Is there any way to adjust the volume on the VIP622/dishes so that the audio volume is the same from both dishes? When I happen to forget to turn the volume down on the TEAC receiver BEFORE switching from an HD channel to an SD channel it just about blows the windows out of the house, and I'm afraid I'm gonna blow a speaker up one of these days! I appreciate any help you can give me on this.
Thanks,
Snyde


----------



## TERRYB2241 (Dec 1, 2006)

Snydley said:


> This has been going on since I've had my VIP622, 18 months, and I never bothered to find an answer to this, but enough is enough.
> The audio volume on the SD channels is about 3 or 4 times louder than the volume on the HD channels. I'm using a middle of the road TEAC surround sound receiver and TEAC speakers. The TEAC receiver doesn't have an HDMI input, so I'm using the optical audio connection between the VIP622 and TEAC for audio, and the HDMI connection for the video feed to my Sony 50" Grand Wega projection TV, TV speakers off. I have 2 dishes on my house, one for the SD feed and one for the HD feed.
> Is there any way to adjust the volume on the VIP622/dishes so that the audio volume is the same from both dishes? When I happen to forget to turn the volume down on the TEAC receiver BEFORE switching from an HD channel to an SD channel it just about blows the windows out of the house, and I'm afraid I'm gonna blow a speaker up one of these days! I appreciate any help you can give me on this.
> Thanks,
> Snyde


I am having the same problem with my HR-20 receiver connected to my TV with HDMI. All the local HD channels have a real low volume and the SD locals and other Satelite channels are loud. I have to turn the volume completly up on the HD channels have a normal volume level.


----------



## Ron Barry (Dec 10, 2002)

Terry,

Try switching for DD/PCM to PCM only and see if that helps. 

Snydley.... The SD/HD difference is most likley caused by PCM vs DD and there is not a lot one can do unless your receiver has some feature that allows you to make an adjustment in this area. If you want to confirm this... Switch to PCM only and see if you notice big audio differences.


----------



## Snydley (Mar 30, 2007)

TERRYB2241 said:


> I am having the same problem with my HR-20 receiver connected to my TV with HDMI. All the local HD channels have a real low volume and the SD locals and other Satelite channels are loud. I have to turn the volume completly up on the HD channels have a normal volume level.

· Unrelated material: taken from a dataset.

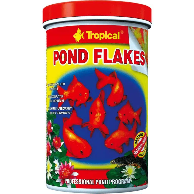 Tropical pond flakes 1000ml flager mat til små damfisk. Flagefôr med flere ingredienser til hverdagsfôring av små og unge damfisk. Et bredt utvalg av nøye utvalgte ingredienser garanterer sunt kosthold, som fullt ut oppfyller ernæringskravene til fisk. Hvis det brukes regelmessig, sørger Pond Flakes for god tilstand, riktig vekst og utvikling. Det anbefales å bruke Pond Flakes i perioden mellom tidlig vår og sen høst når vanntemperaturen ikke faller under 10 ° C og om vinteren for innendørs dammer med liten fisk. Etter hvert som fisken vokser, anbefales det å introdusere andre tropiske matvarer i form av flytende pinner som Koi & Goldfish Basic Sticks, Koi & Goldfish Color Sticks, Koi & Goldfish Vegetable Sticks.

Yeah, and if you don't turn it down BEFORE going back to an SD channel it shakes the whole house, which in and of itself is just an annoyance, but I'm afraid one of these times I'm gonna lose a speaker in the deal. Do you have separate HD and SD dishes?
I have no antennae hookup, I live too far away from the stations, all of my channels are coming from the satellites.


----------



## Snydley (Mar 30, 2007)

Ron Barry said:


> Terry,
> 
> Try switching for DD/PCM to PCM only and see if that helps.
> 
> Snydley.... The SD/HD difference is most likley caused by PCM vs DD and there is not a lot one can do unless your receiver has some feature that allows you to make an adjustment in this area. If you want to confirm this... Switch to PCM only and see if you notice big audio differences.

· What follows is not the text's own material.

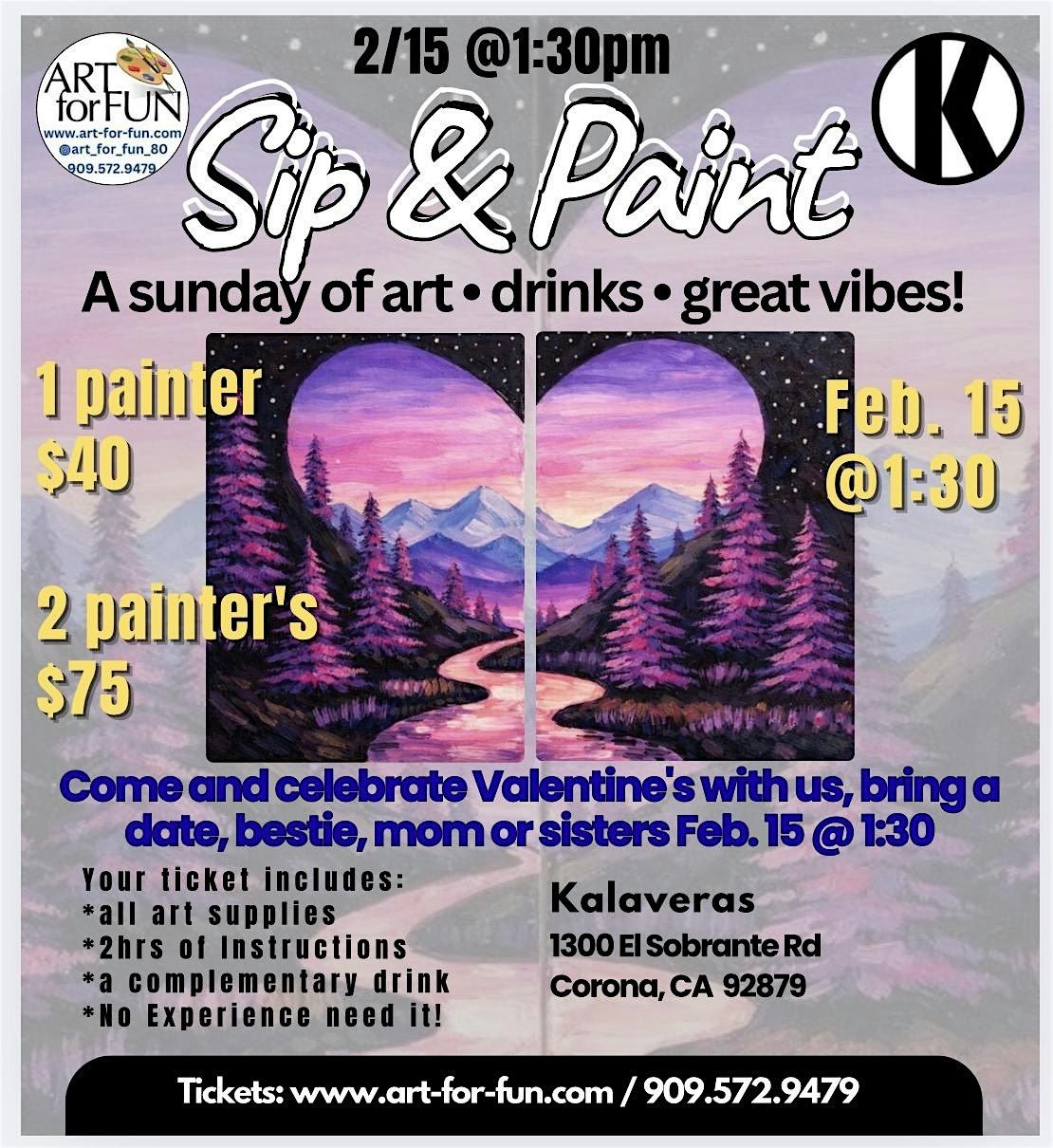 Grab a friend, a sibling or your date and let the good vibes flow! Join us for a lively Sunday of art, drinks, and creativity.

But isn't there Dolby Digital coming from both the HD dish and the SD dish? I thought maybe there was some kind of audio gain adjustment on the dishes themselves, because it is virtually EVERY SD channel that is 3 to 4 times louder than EVERY HD channel. 
I will try your suggestion though.
Thanks
Snyde


----------



## ryan8886 (Sep 19, 2006)

Not really too much you can do. Pretty much everyone suffers the same problem and it IS very annoying. As I understand it, Dolby Digital recordings are mastered at a lower level, resulting in the differnce over PCM (regular stereo). So, it has nothing to do with Dish, the sat dishes or your dish receivers. Thank Dolby Labs.


----------



## LinkNuc (Jul 4, 2007)

I have seen this problem with everthing from my old HR-20 (D*) to my current 622* and both the Motorola Box (Comcast Philly cable) and Sci-At box (Comast-Weast PA)


----------



## Snydley (Mar 30, 2007)

Ron Barry said:


> Terry,
> 
> Try switching for DD/PCM to PCM only and see if that helps.
> 
> Snydley.... The SD/HD difference is most likley caused by PCM vs DD and there is not a lot one can do unless your receiver has some feature that allows you to make an adjustment in this area. If you want to confirm this... Switch to PCM only and see if you notice big audio differences.

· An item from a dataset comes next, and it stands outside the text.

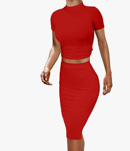 2 piece skirt sets, ruched short sleeve cropped tops, pencil skirts ,midi length, back zipper closure

I tried this, and yes you're right, the volumes corrected themselves. So, I guess I have a choice, watch everything with PCM stereo audio and have the audio volume the same on all channels, or keep it like it is,DD/PCM and put up with it. Well, as long as I know that I can't do anything about it if I want 5.1 DD.
I guess I'll have to live with it.
Thanks,
Snyde


----------



## mikeyinokc (Jan 11, 2006)

LinkNuc said:


> I have seen this problem with everthing from my old HR-20 (D*) to my current 622* and both the Motorola Box (Comcast Philly cable) and Sci-At box (Comast-Weast PA)


Agreed....I too have seen it with several different feeds.....It isn't a "Dish" problem. It is in the way DD is set up vs. non DD sound.


----------



## TBoneit (Jul 27, 2006)

The problem is the Dolby digital on the HD channels. If you listen carefully you will see it has a wider dynamic range between qiuet and loud passages.

In general it runs quieter to allow for really loud peaks with out distortion.

So if you want your audio in 5.1 you have to live with it. 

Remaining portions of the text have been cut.